(Data records)
== Segment start ==

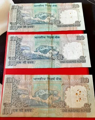 Moneda de la India de 100 rupias. DEL AÑO APROXIMADAMENTE 1980 - Billete de 100 rupias de la India. - Muestra signos de uso. De 100 50 y 10 rupias 2 EUROS CADA BILLETE IDEAL PARA COLECCIONISTAS TIENEN MARCAS DE GRAPAS MUY HABITUALES EN ESTOS BILLETES
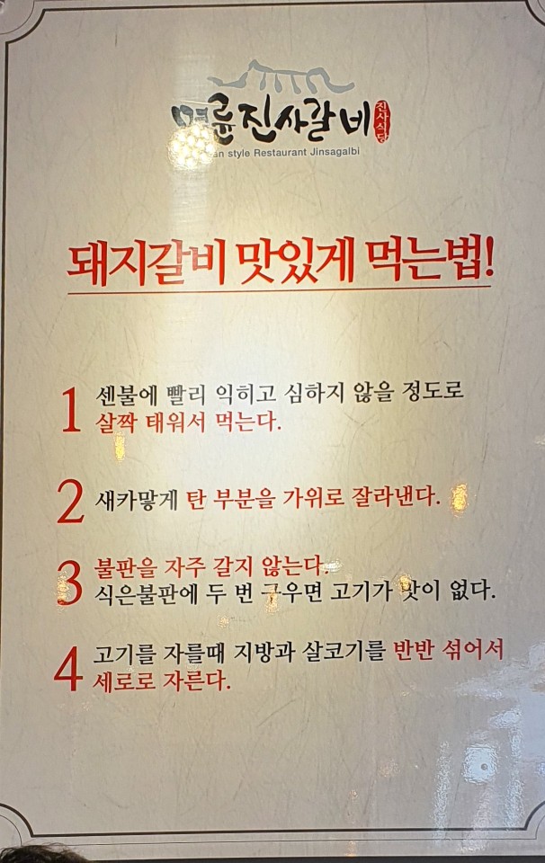 #명륜진사갈비 돼지갈비 맛있게 먹는법 테이블에 앉아서 먹으려고 하는데, 벽에 붙어있더라구요 ㅎㅎ
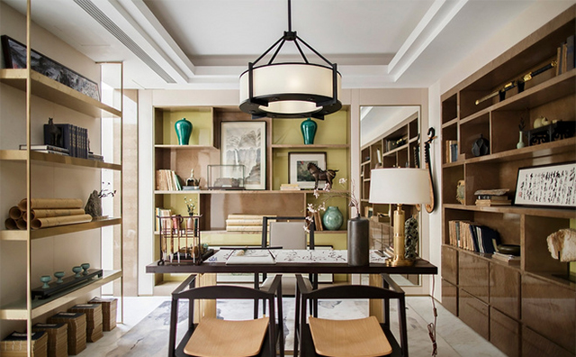 立式臺燈和吊燈與書房和整體空間的色彩非常統(tǒng)一。
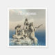 Drei Meerjungstatuen auf einem Felsen im Meer. Stilvolle Memadin-Texte können von Ihnen angepasst werden.
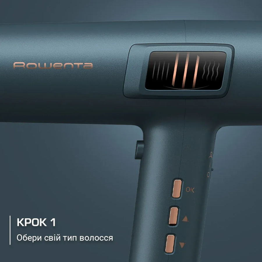 Фен Rowenta Maestria For you розроблений для індивідуального стайлінгу з урахуванням особливостей волосся. Розумна технологія For you дає змогу налаштувати роботу приладу згідно з вашими побажаннями. На екрані можна обрати один із чотирьох типів волосся та один із двох рівнів густоти, після чого фен автоматично пропонує відповідну комбінацію температури, швидкості повітря та рекомендованої насадки. Це спрощує вибір режимів і допомагає зменшити ризик перегріву волосся.
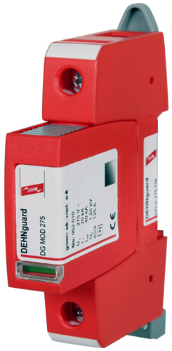 DG S 385,DG S 385 FM DEHNguard S 385, DEHNguard S 385 FM 適用范圍. 低壓電氣設備電涌保護,用于防雷分區OB-1及后續分區;替代老型號產品DEHNguard T 385(900 641)和DEHNguard T 385 FM(900 691) -通用電涌保護器,由底座和可插拔模塊組成 -大通流的氧化鋅壓敏電阻,放電能力高 -“動態熱脫扣”SPD監測裝置,穩定可靠 -與Red/Line產品系列能量協調 -視窗中可顯示操作狀態及故障指示 -多功能接線端子,連接導線和匯流排 -帶有模塊鎖扣裝置,通過模塊釋放按鈕輕松更換保護模塊 -通過沖擊和振動測試,依據EN 60068-2 技術參數 DG S 385 DG S 385 FM 依據EN 61643-11, SPD 2級 2級依據IEC 61643-1, SPD Ⅱ級 Ⅱ級交流最大持續工作電壓 UC 385V 385V 直流最大持續工作電壓 UC 500V 500V 標稱放電電流 (8/20 μs) In 20KA 20KA 最大放電電流(8/20 μs)Imax 40kA 40kA 電壓保護水平 Up ≤2kV ≤1.75kV 5KA時,電壓保護水平Up ≤1.7kV ≤1.35kV 響應時間 tA ≤25ns 最大后備熔絲 125A gL/gG 最大后備溶絲時短路耐受能力 25KArms 暫態過電壓(TOV)UT — 工作溫度范圍TU -40℃ … +80℃ 工作狀態/故障指示 綠 / 紅安裝導線截面稅(最小) 1.5mm2單股線/軟線安裝導線截面稅(最大) 35mm2多股線/25mm2軟線安裝方式 35mmDIN軌, 依據EN 60715 外殼材料 紅色熱塑性材料, UL 94-0 防護等級 IP 20 尺寸 1 mods, DIN 43880 認證 KEMA,VDE,UL,VdS 遙信觸點類型 — 浮動切換觸點交流切換能力 — 250V/0.5A 直流切換能力 — 250V/0.1A; 125V/0.2A; 75V/0.5A 遙信終端的橫截面積 — 最大1.5mm2單股線/軟線
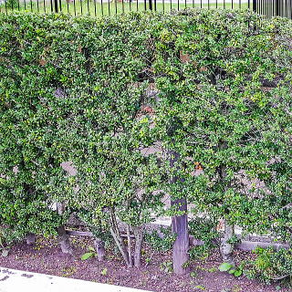 日陰に耐えるので、北側の生垣や境栽などに向きます。生垣は整然として硬めな感じに仕上がります。風通しのない場所では枝が枯れこみやすいので、ブロック塀沿いなどにはあまり向きません。
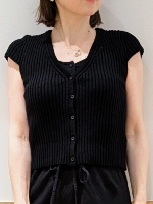 新作のリブカーデとクロップドタンクトップは好バランス◎
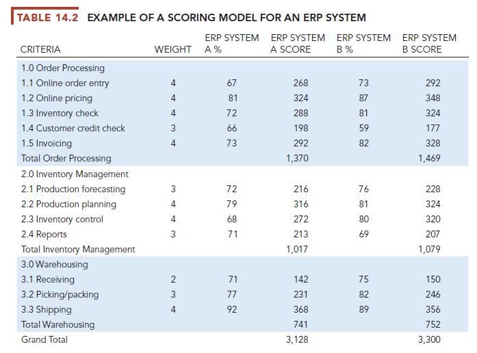 A scoring model is useful for selecting projects where many criteria must be considered. It assigns weights to various features of a system and then calculates the weighted totals. Using Table 14.2, the firm must decide among two alternative enterprise resource planning (ERP) systems. The first column lists the criteria that decision makers will use to evaluate the systems. These criteria are usually the result of lengthy discussions among the decision-making group. Often the most important outcome of a scoring model is not the score but agreement on the criteria used to judge a system.

== Segment end ==

→ **TASK ITEM**:
Now reproduce all of the entries precisely, with no pictures in the copy.

→ **RESPONSE TO THE TASK**:
 Moneda de la India de 100 rupias. DEL AÑO APROXIMADAMENTE 1980 - Billete de 100 rupias de la India. - Muestra signos de uso. De 100 50 y 10 rupias 2 EUROS CADA BILLETE IDEAL PARA COLECCIONISTAS TIENEN MARCAS DE GRAPAS MUY HABITUALES EN ESTOS BILLETES
 #명륜진사갈비 돼지갈비 맛있게 먹는법 테이블에 앉아서 먹으려고 하는데, 벽에 붙어있더라구요 ㅎㅎ
 立式臺燈和吊燈與書房和整體空間的色彩非常統(tǒng)一。
 Drei Meerjungstatuen auf einem Felsen im Meer. Stilvolle Memadin-Texte können von Ihnen angepasst werden.
 Фен Rowenta Maestria For you розроблений для індивідуального стайлінгу з урахуванням особливостей волосся. Розумна технологія For you дає змогу налаштувати роботу приладу згідно з вашими побажаннями. На екрані можна обрати один із чотирьох типів волосся та один із двох рівнів густоти, після чого фен автоматично пропонує відповідну комбінацію температури, швидкості повітря та рекомендованої насадки. Це спрощує вибір режимів і допомагає зменшити ризик перегріву волосся.
 DG S 385,DG S 385 FM DEHNguard S 385, DEHNguard S 385 FM 適用范圍. 低壓電氣設備電涌保護,用于防雷分區OB-1及后續分區;替代老型號產品DEHNguard T 385(900 641)和DEHNguard T 385 FM(900 691) -通用電涌保護器,由底座和可插拔模塊組成 -大通流的氧化鋅壓敏電阻,放電能力高 -“動態熱脫扣”SPD監測裝置,穩定可靠 -與Red/Line產品系列能量協調 -視窗中可顯示操作狀態及故障指示 -多功能接線端子,連接導線和匯流排 -帶有模塊鎖扣裝置,通過模塊釋放按鈕輕松更換保護模塊 -通過沖擊和振動測試,依據EN 60068-2 技術參數 DG S 385 DG S 385 FM 依據EN 61643-11, SPD 2級 2級依據IEC 61643-1, SPD Ⅱ級 Ⅱ級交流最大持續工作電壓 UC 385V 385V 直流最大持續工作電壓 UC 500V 500V 標稱放電電流 (8/20 μs) In 20KA 20KA 最大放電電流(8/20 μs)Imax 40kA 40kA 電壓保護水平 Up ≤2kV ≤1.75kV 5KA時,電壓保護水平Up ≤1.7kV ≤1.35kV 響應時間 tA ≤25ns 最大后備熔絲 125A gL/gG 最大后備溶絲時短路耐受能力 25KArms 暫態過電壓(TOV)UT — 工作溫度范圍TU -40℃ … +80℃ 工作狀態/故障指示 綠 / 紅安裝導線截面稅(最小) 1.5mm2單股線/軟線安裝導線截面稅(最大) 35mm2多股線/25mm2軟線安裝方式 35mmDIN軌, 依據EN 60715 外殼材料 紅色熱塑性材料, UL 94-0 防護等級 IP 20 尺寸 1 mods, DIN 43880 認證 KEMA,VDE,UL,VdS 遙信觸點類型 — 浮動切換觸點交流切換能力 — 250V/0.5A 直流切換能力 — 250V/0.1A; 125V/0.2A; 75V/0.5A 遙信終端的橫截面積 — 最大1.5mm2單股線/軟線
 日陰に耐えるので、北側の生垣や境栽などに向きます。生垣は整然として硬めな感じに仕上がります。風通しのない場所では枝が枯れこみやすいので、ブロック塀沿いなどにはあまり向きません。
 新作のリブカーデとクロップドタンクトップは好バランス◎
 A scoring model is useful for selecting projects where many criteria must be considered. It assigns weights to various features of a system and then calculates the weighted totals. Using Table 14.2, the firm must decide among two alternative enterprise resource planning (ERP) systems. The first column lists the criteria that decision makers will use to evaluate the systems. These criteria are usually the result of lengthy discussions among the decision-making group. Often the most important outcome of a scoring model is not the score but agreement on the criteria used to judge a system.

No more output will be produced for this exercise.